= PROVIDED RECORDS =

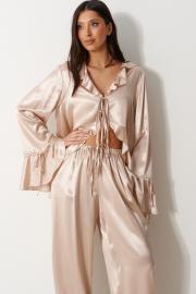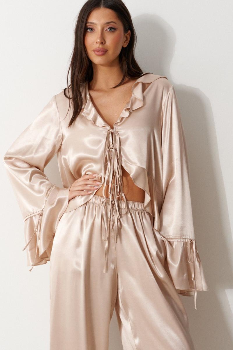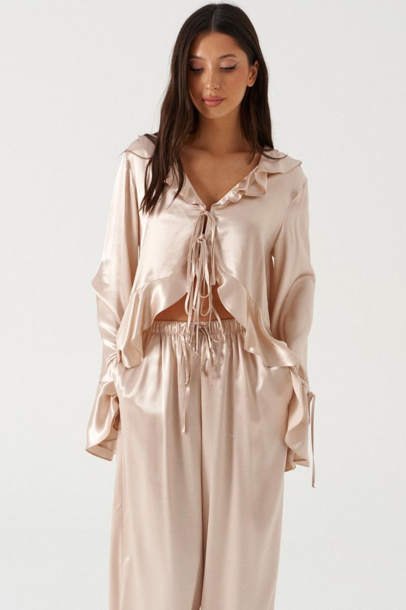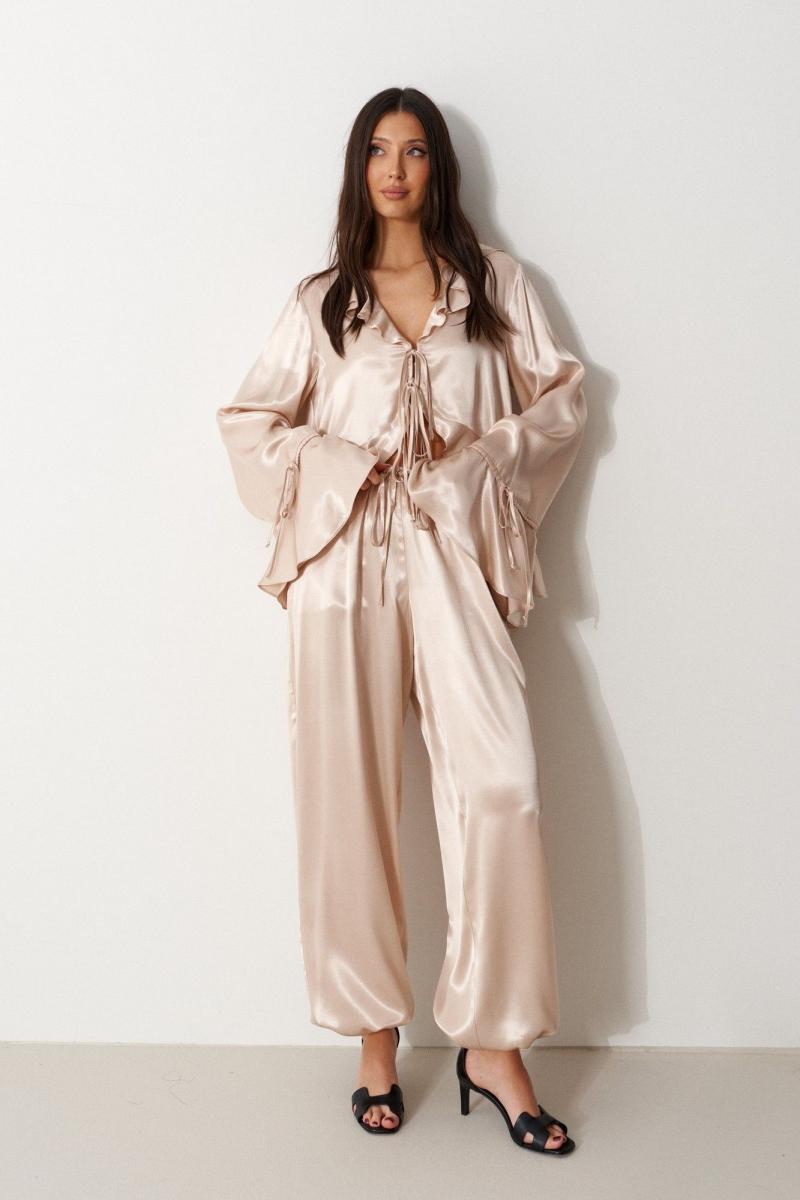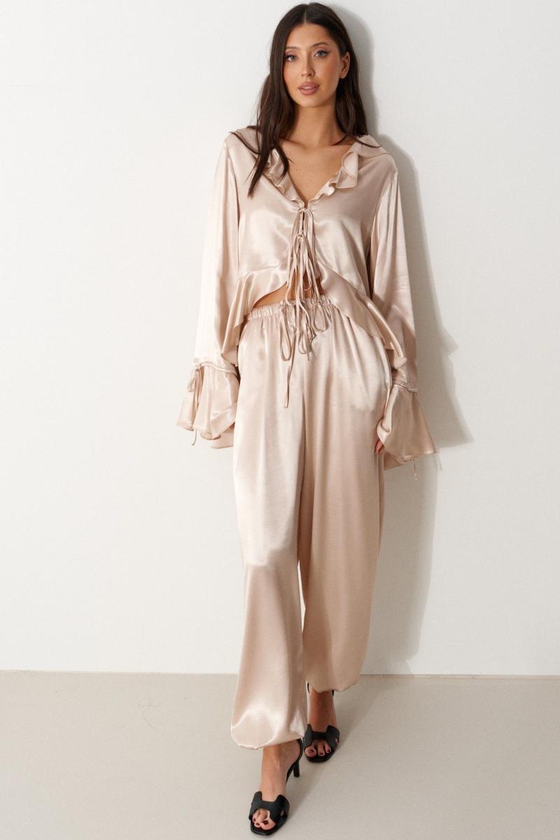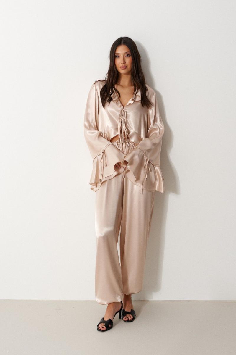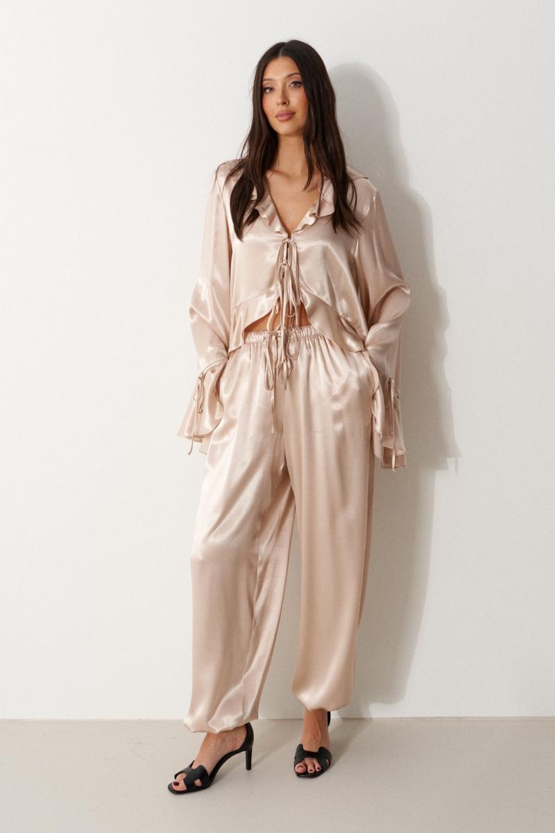 Брюки-джоггеры, выполнены из мягкого струящегося полотна телесного цвета. Характеристики: прямой крой, пояс на резинке, в боковых швах карманы, штанина внизу на резинке с фиксатором. Длина по боковому шву 107 см.
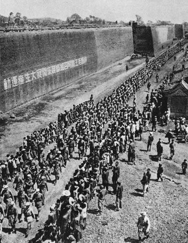 Когда в 1937 году началась японо-китайская война, то находившиеся в советском районе в провинции Шэньси войска китайских коммунистов были в соответствии с соглашением с партией Гоминьдан объединены в 8-ю армию. Двинувшись на восток и форсировав Хуанхэ, они вышли на границу провинций Шаньси и Хэбэй в районе горы Утайшань. 25 сентября 115-я дивизия 8-й армии разгромила японцев в Пинсингуаньском проходе, а затем 8-я армия действовала в японских тылах во время битвы за Синькоу.
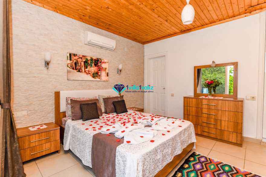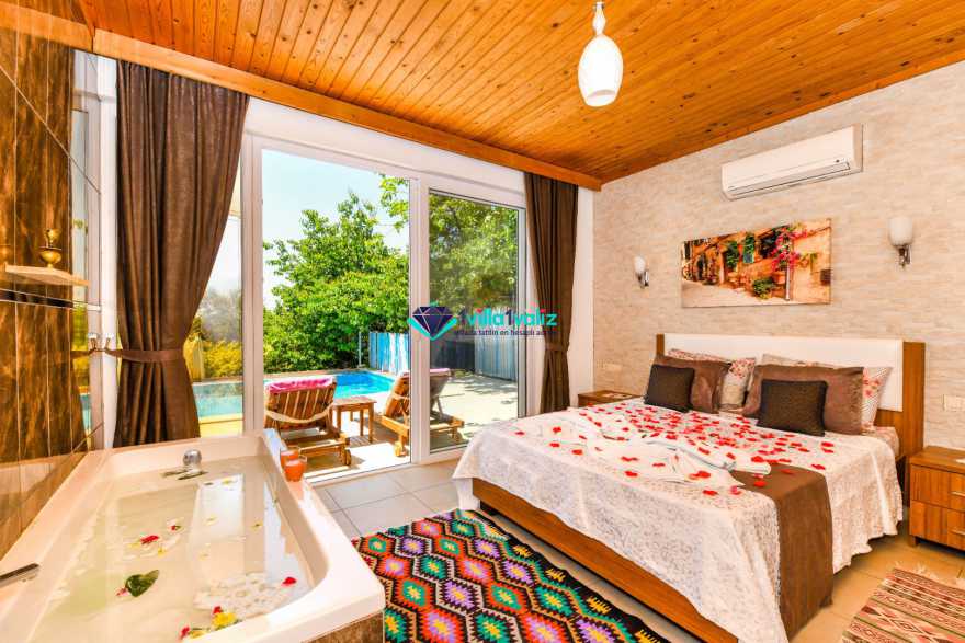 Yatak odası 1 : Çift kişilik yatak, komodin, klima, makyaj masası, elbise dolabı, jakuzi, banyo, tuvalet ve havuz terasına çıkış bulunmaktadır.
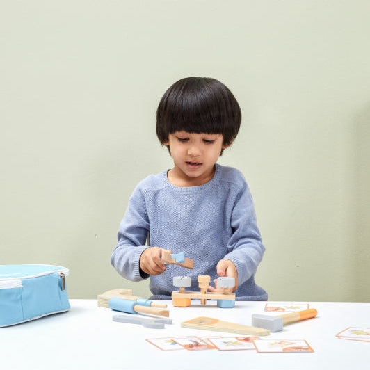 De PolarB houten gereedschapset is een geweldig cadeau-idee voor een kleine doe-het-zelver. Nu heeft elke peuter alles wat hij of zij nodig heeft voor reparaties, schroeven , spijkeren en allerlei renovatiewerkzaamheden. Het is gegarandeerd een feest. Dit product verbetert de cognitieve vaardigheden – kinderen leren over gereedschap en het gebruik ervan, ontwikkelen hun verbeelding en verbeteren hun handvaardigheid .
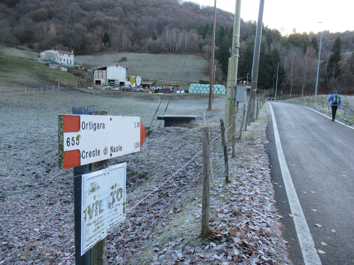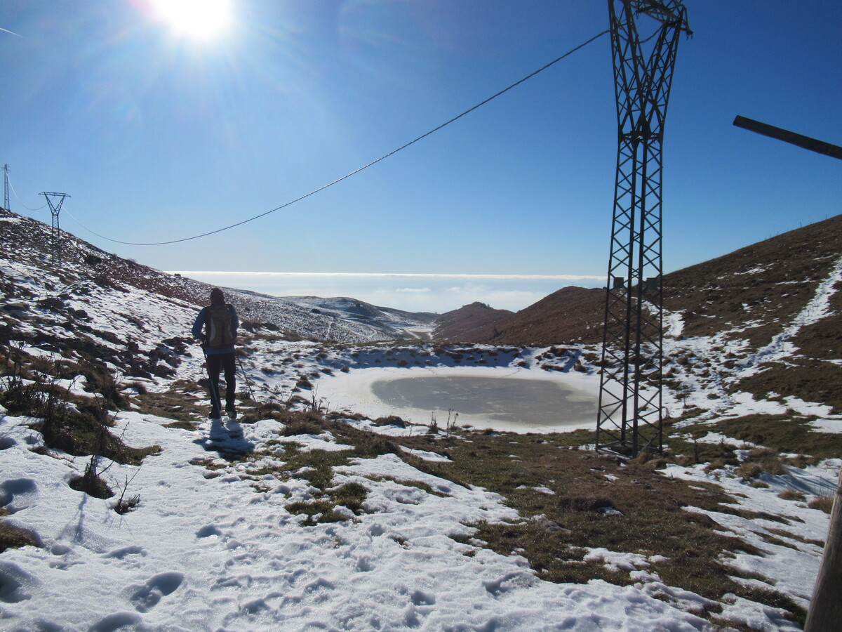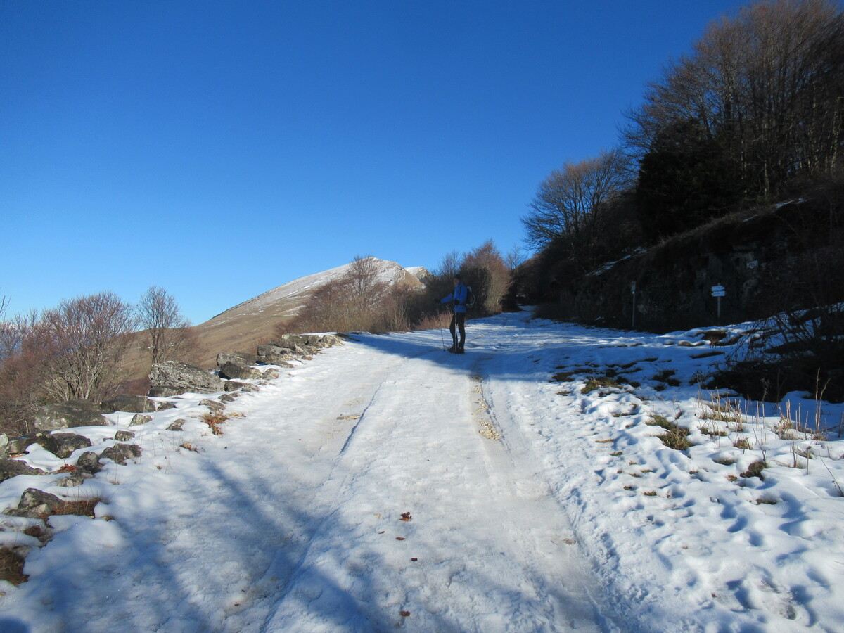 In quel di Prada (1000m), al canto del gallo la giornata inizia subito in salita salendo su per la Val del Sacco, una via asfaltata che parallela al torrente passa dinnanzi ad alcune abitazioni, prima di cedere il passo allo sterrato e proseguire nell’ombra dei scheletrici faggi fin al primo bivio del giorno (1170m, 30min). Tralasciando per ora il sentiero che sarà poi il nostro rientro, al di là della sbarra che sta alla nostra sinistra proseguiamo sul 655, stesso segnavia fin qui seguito che tra macchie boscate e radure continua a salire verso monte fin ad intercettare una prima volta la forestale che arriva dal parcheggio “Due Pozze”, un incrocio che ignoriamo per proseguire sul sentiero che sempre nel bosco la va’ a intercettare una seconda volta più in alto in prossimità di malga Ortigara (1400m, 40min), una stalla con tanto di casara che anticipa di poco il nostro arrivo alla storica chiesetta della Madonna della Neve (1438m, 10min). Sempre in moderata salita riprendiamo il sentiero che tra i pascoli a monte passa al di sopra di una pozza d’acqua, prima di scomparire nuovamente nella fascia boscata e arrancare sul sentiero che poco più in alto va a intercettare la vecchia strada militare che sale dalle Due Pozze (1550m, 20min), un insidioso nastro tutto ghiacciato che oggi richiede attenzione e l’uso dei ramponi, mentre sempre ben affacciati sul Garda e con i rifugi Chierego e Fiori del Baldo ormai ben in vista, strada facendo abbandoniamo il lungo traversone per inerpicarci direttamente alla nostra destra sulla traccia che rimonta in groppa all’affilata cresta di Costabella (1686m, 40min). Raggiunta così la quota più alta e panoramica dell’intera giornata, con il Garda e i suoi monti da un lato e la Lessinia con il Carega dall’altro caliamo giù dall’opposto versante fin al sottostante bivio con il sentiero “Ottaviani” (10min), dove interrompendo la discesa a destra imbocchiamo la splendida e recondita Val di Naole. Con il sole in fronte e l’erba ghiacciata che a ogni passo scricchiola sotto i piedi, mantenendoci sul fondo valle tiriamo dritti fin a sfiorare più a sud il bordo di una pozza ghiacciata, prima di prendere la sterrata che s’innalza sulla cresta alla nostra destra, una via d’uscita dalla val di Naole che al di là del crinale va’ a intercettare nuovamente la vecchia strada militare già risalita all’andata (1550m, 30min). Riaffacciandoci così sul lago e tralasciando il sentiero che cala giù alla Madonna della Neve, dritti a sud stavolta seguiamo integralmente la sterrata che nel bosco continua a calare di quota, una lunga e agevole discesa dove tra patriarcali faggi e verdi chiome d’abeti, ecco che nel frattempo, proprio lì all’incrocio per malga Ortigara entra in scena un simpatico cagnolino, un vivace esemplare di cane da tartufo che con tutta la soddisfazione di chi ha scovato il suo tesoro ci accompagna con il suo padrone al seguito fin giù nel piazzale delle “Due Pozze” (1282m, 50min), ultimo parcheggio utile questo per chi da Prada sale fin quassù con la macchina.

= TASK TO COMPLETE =
Only one stretch of the material above is wanted: the line containing "Когда в 1937" through the line containing "Yatak odası 1". Restate it word for word, minus the pictures.

= ANSWER SECTION =
 Когда в 1937 году началась японо-китайская война, то находившиеся в советском районе в провинции Шэньси войска китайских коммунистов были в соответствии с соглашением с партией Гоминьдан объединены в 8-ю армию. Двинувшись на восток и форсировав Хуанхэ, они вышли на границу провинций Шаньси и Хэбэй в районе горы Утайшань. 25 сентября 115-я дивизия 8-й армии разгромила японцев в Пинсингуаньском проходе, а затем 8-я армия действовала в японских тылах во время битвы за Синькоу.
 Yatak odası 1 : Çift kişilik yatak, komodin, klima, makyaj masası, elbise dolabı, jakuzi, banyo, tuvalet ve havuz terasına çıkış bulunmaktadır.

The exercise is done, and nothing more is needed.